System.InvalidOperationException: Temporal query is trying to use navigation to an entity 'MarketParticipant' which itself doesn't map to temporal tab...
All-in-all, my recommendation is to not use Temporal Tables, and go with a custom solution based on servicebus, a history function and custom history table(s).
In my opinion. the AC's are fulfilled. The work continues with #1846
As a Volt Developer, I want an overview of the technology we need for persisting and delivering charge history data (information and prices) So that its' clear to everyone and we can start delivering business value
With this spike, we want to dive into different options and decide the technology stack we need to persist and deliver charge history data to the frontend
Considerations
Acceptance criteria
Work-in-progress
[x] The chosen solution must be feasible for both charge information and prices.
[x] The chosen solution should conform to the architectural runway, i.e. event-based state transfer and deliver data for the frontend through Web API.
[X] Reaching out to Titans; what have they used for MessageArchive?: CosmosDB is the choice for heavy data amounts, and for fast querying, but it is also an expensive solution that requires new knowledge. Cosmos DB handles schema changes very well by versioning documents.
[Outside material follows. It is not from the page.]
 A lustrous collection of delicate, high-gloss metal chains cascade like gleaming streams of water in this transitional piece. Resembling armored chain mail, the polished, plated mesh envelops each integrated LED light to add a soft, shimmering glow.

[X] Reaching out to Batman; they have similar historic data needs as we do; what have they done in that regard? Batman looked into a solution based on event sourcing in an earlier hackathon, but so far they haven't met the requirement to implement history.
[x] Involve the architect(s): Reached out to @kerbou and presented our requirements for storing and presenting historical charge information. Based on the information at hand he recommended going with a solution based on SQL-server, given that it is known technology, and can be configured for many use cases using shards, partitions, and different levels of indexing, to optimize for write or read.
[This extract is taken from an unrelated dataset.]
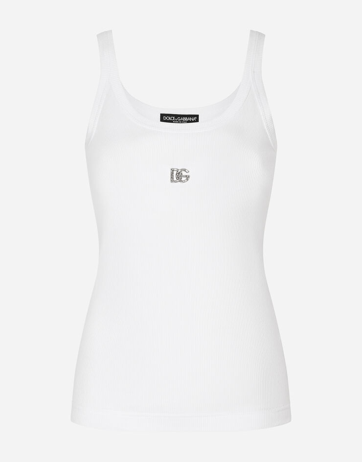 Fine-rib tank top with crystal DG logo: • Plunging neck • Sleeveless with shoulder straps • Form fitting • The piece measures 60.5 cm from the shoulder seam on a size IT 40 • The model is 175 cm tall and wears a size IT 40 • Made in Italy Care And Details External composition: 100% Cotton

[x] In DataHub2, some market participants tend to submit a message per charge per day, even though there is no data change compared to what is in storage. Hopefully, this won't be the case in DH3.: We should expect the market participants to act as they do, even though we would like to receive messages with changes only. If this requirement persists, it leaves the SQL-server built-in Temporal tables unusable as it will only register changes to the main table.
Requirements for historic charge data
Technology choice
SQL-server Charge Data Capture is rather rigid and does not conform with our requirement to be able to refactor the command model
SQL-server System-versioned temporal tables (Temporal Tables) could be a more suitable solution to the requirements we have identified. Temporal tables cope with model refactorings provided that it is not a requirement that we can show the state before any change in the command model (e.g. a column removal). Blog post: EF Core and Temporal Tables Pros: it is an off-the-shelf solution built-in in SQL-server. Cons: To use it for our purpose, we would have to add a GUID or Timestamp column to our command model, and then update it every time we receive a charge. This compromises our separation of the command stack from the query stack, which is undesirable. UPDATE: See my comment regarding spike work with Temporal tables
CosmosDB: Cosmos DB is the choice for heavy amounts of data writes, and fast querying within Azure. Cosmos DB seamlessly handles schema changes using versioning of documents, which is another important advantage. It is, however, unknown technology for the team, and we would have to greatly extend our knowledge, which is time-consuming. Collective knowledge from Titans tells us that we should prepare for a lot of work if we choose Cosmos DB as technology for persisting historical charge data.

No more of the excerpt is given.